• **Exercise inputs**
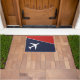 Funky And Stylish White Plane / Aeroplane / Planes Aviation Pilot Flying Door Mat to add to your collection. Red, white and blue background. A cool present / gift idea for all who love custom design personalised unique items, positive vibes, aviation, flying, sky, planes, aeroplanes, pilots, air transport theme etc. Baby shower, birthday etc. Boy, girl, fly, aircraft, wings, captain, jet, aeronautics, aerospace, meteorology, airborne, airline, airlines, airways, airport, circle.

* * *

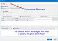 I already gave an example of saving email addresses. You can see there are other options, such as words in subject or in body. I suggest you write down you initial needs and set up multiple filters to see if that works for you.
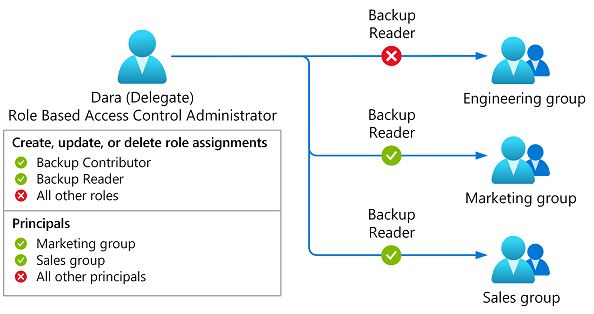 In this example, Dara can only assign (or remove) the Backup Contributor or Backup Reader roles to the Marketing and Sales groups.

• **What you are asked to do**
Return exactly the lines that appear in the data above between the line containing "I already gave" and the line containing "In this example, Dara", both of which are included, and leave the pictures out.

• **Finished task**
 I already gave an example of saving email addresses. You can see there are other options, such as words in subject or in body. I suggest you write down you initial needs and set up multiple filters to see if that works for you.
 In this example, Dara can only assign (or remove) the Backup Contributor or Backup Reader roles to the Marketing and Sales groups.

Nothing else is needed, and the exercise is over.